3. The self-balancing waterproof laboratory centrifuge of claim 1, wherein: lower belt chamber upper end wall normal running fit is connected and is equipped with upwards to extend and runs through butt joint piece wheel chamber extremely magnet piece wheel intracavity and downwardly extending extremely the transmission shaft of belt intracavity down, the transmission shaft with machine shell axle normal running fit connects, the terminal fixed connection of transmission shaft downside is equipped with down the belt drive wheel, the terminal fixed connection of transmission shaft upside is equipped with the magnet piece wheel, fixed connection is equipped with on the transmission shaft and is located the butt joint piece wheel of butt joint piece wheel intracavity, the terminal fixed connection of transmission shaft upside is equipped with the magnet piece wheel, be equipped with two in the magnet piece wheel and use the transmission shaft sets up and the outside magnet piece chamber of opening as central circumference distribution, magnet piece intracavity sliding fit connects and is equipped with the magnet piece, magnet piece interior terminal surface with fixed connection is equipped with the magnet piece spring between the magnet piece intracavity end wall, be equipped with in the butt joint piece wheel a plurality of uses the transmission shaft sets up and the opening outwards and institute as central circumference distribution The butt joint block is characterized in that the butt joint block cavities corresponding to the butt joint block cavities are arranged, the butt joint blocks are arranged in the butt joint block cavities in a sliding fit connection mode, and butt joint block springs are fixedly connected between the inner end faces of the butt joint blocks and the inner end walls of the butt joint block cavities.

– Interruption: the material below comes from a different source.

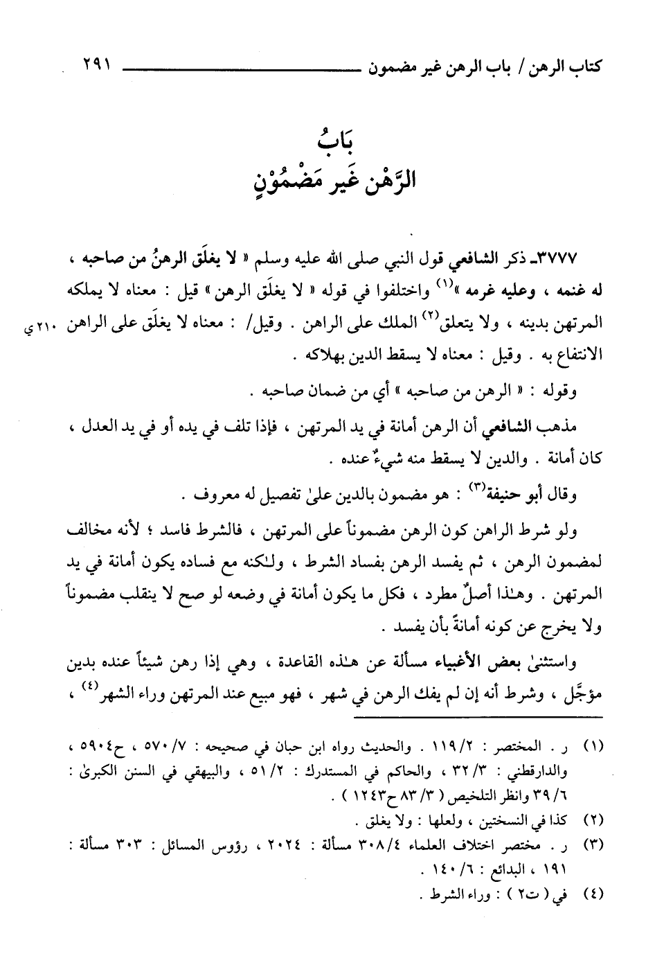 3777 - ذكر الشافعي قول النبي صلى الله عليه وسلم "لا يغلَق الرهنُ من صاحبه، له غنمه، وعليه غرمه " (1) واختلفوا في قوله " لا يغلَق الرهن " قيل: معناه لا يملكه المرتهن بدينه، ولا يتعلق (2) الملك على الراهن. وقيل: معناه لا يغلَق على الراهن الانتفاع به. وقيل: معناه لا يسقط الدين بهلاكه.

4. The self-balancing waterproof laboratory centrifuge of claim 1, wherein: the utility model discloses a belt conveyor belt, including magnet plate, magnet plate chamber, motor casing gear, motor shaft, motor pulley, motor plate chamber, magnet plate chamber, fixed connection is equipped with the restriction piece stay cord between the restriction piece, belt chamber lower end wall internal fixation is equipped with the motor down, motor plate upper end fixed connection is equipped with upwards to extend and runs through belt chamber extremely down go up the motor shaft of belt intracavity, the terminal fixed connection of motor shaft upside is equipped with motor pulley, go up motor pulley with can power fit connect between the machine casing gear and be equipped with the belt down, belt chamber is gone up fixed connection down and is equipped with down the belt down.

5. The self-balancing waterproof laboratory centrifuge of claim 1, wherein: the utility model discloses a set up the handle, including transposition axle chamber, upper end wall, lower end wall, upper end wall, lower end wall, upper end and lower end wall, the upper end of machine shell.